Step 15: Future perspective — local orchestrator

The only component in this stack that does not run fully locally is Claude Code as orchestrator. All generation tasks (summaries, literature notes, syntheses, flashcards) already run via Qwen3.5:9b on Ollama — fully local, fully private. What goes through the Anthropic API are the prompts with which Claude Code steers the workflow: the intake, the phase monitoring, the vault conventions, the iterative Go/No-go dialogue.

For those who also want to solve this layer locally, two serious candidates are emerging.

Open WebUI + MCPO

Open WebUI is a self-hosted chat interface (similar to the Claude.ai interface, but local) that accesses local models via Ollama. From version 0.6.31 onwards it supports MCP natively. The MCPO proxy (Model Context Protocol to OpenAPI) translates stdio-based MCP servers — such as zotero-mcp — to HTTP endpoints that Open WebUI can call. The architecture fits directly onto the existing Mac mini M4 stack: Ollama keeps running, zotero-mcp is made available via MCPO, and Open WebUI acts as the conversational interface in the browser.

Advantages: mature interface, actively maintained, works on macOS without Docker, Qwen3.5:9b is compatible with tool use in this configuration. Disadvantages: browser-based (no terminal workflow like Claude Code), the skill logic and vault conventions must be fully rewritten as a system prompt, no native filesystem integration without an additional MCP server.

ollmcp (mcp-client-for-ollama)

ollmcp is a terminal interface (TUI) that connects Ollama models to multiple MCP servers simultaneously. It has an agent mode with iterative tool execution, human-in-the-loop controls, and model switching. The interface is closer to how Claude Code works — everything in the terminal, no browser. You can connect zotero-mcp, choose Qwen3.5:9b, and pass the skill as a system prompt.

Advantages: terminal-native, close to the current workflow, supports multiple MCP servers simultaneously, human-in-the-loop is built in. Disadvantages: less mature than Open WebUI, writing vault files requires an additional filesystem MCP server, the skill logic must be rebuilt as a system prompt.

Why this is not yet worth the effort

The orchestration layer that Claude Code provides is more than tool calls. It involves phase monitoring across a longer session, vault awareness (knowing what already exists and how it should be linked), the iterative Go/No-go dialogue per item, and reliable adherence to vault conventions across multiple steps. All of this logic currently lives in the skill and CLAUDE.md, and Claude Code follows it accurately.

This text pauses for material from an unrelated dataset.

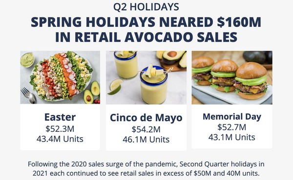 Retail sales of fresh Hass avocados remained above the pre-pandemic levels of 2019 during the second quarter key holidays of 2021, while year-over-year sales softened.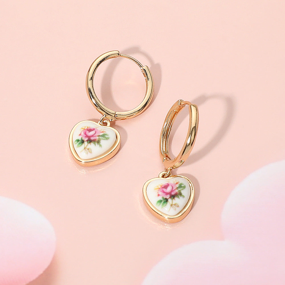 iLLASPARKZ Floral Heart Ceramic Charm Dangle Bow Earrings

With a local orchestrator, the same logic must be passed as a system prompt to Qwen3.5:9b. Instruction-following in complex multi-step workflows is noticeably less reliable with local models than with Claude Sonnet — not due to a lack of language capability, but because of consistency across multiple rounds and tools. The result is achievable, but requires considerable extra work for a less robust outcome.

This is also precisely why Claude Code structurally distinguishes itself as an orchestrator from local alternatives: not in raw generation quality (for which Qwen3.5:9b is already strong enough for most tasks), but in the reliability of workflow logic across phases and tools. Whether and when local models will reach this level is an open question. The landscape is changing fast — Open WebUI, ollmcp, and similar tools are actively in development and worth continuing to follow.